Exploiting Web Images for Fine-Grained Visual Recognition by Eliminating Noisy Samples and Utilizing Hard Ones
Huafeng Liu, Chuanyi Zhang, Yazhou Yao, Xiushen Wei, Fumin Shen, Jian, Zhang, and Zhenmin Tang

TL;DR
This paper presents a method to improve fine-grained visual recognition by filtering noisy web images and leveraging hard examples during training, leading to superior performance over existing web-supervised approaches.
Contribution
The authors introduce a novel technique to eliminate irrelevant noisy samples and utilize hard examples from web images for more robust fine-grained recognition.
Findings
Outperforms state-of-the-art web-supervised methods on three datasets.

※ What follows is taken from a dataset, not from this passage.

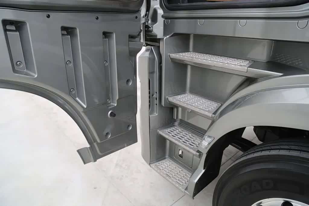 通过设置在车架左侧的台阶,驾驶员可以来到驾驶室后方的工作平台上保养和清洁车辆。

Effectively reduces the impact of noisy and irrelevant web images.
Utilizes hard examples to enhance model training.
Abstract
Labeling objects at a subordinate level typically requires expert knowledge, which is not always available when using random annotators. As such, learning directly from web images for fine-grained recognition has attracted broad attention. However, the presence of label noise and hard examples in web images are two obstacles for training robust fine-grained recognition models. Therefore, in this paper, we propose a novel approach for removing irrelevant samples from real-world web images during training, while employing useful hard examples to update the network. Thus, our approach can alleviate the harmful effects of irrelevant noisy web images and hard examples to achieve better performance. Extensive experiments on three commonly used fine-grained datasets demonstrate that our approach is far superior to current state-of-the-art web-supervised methods.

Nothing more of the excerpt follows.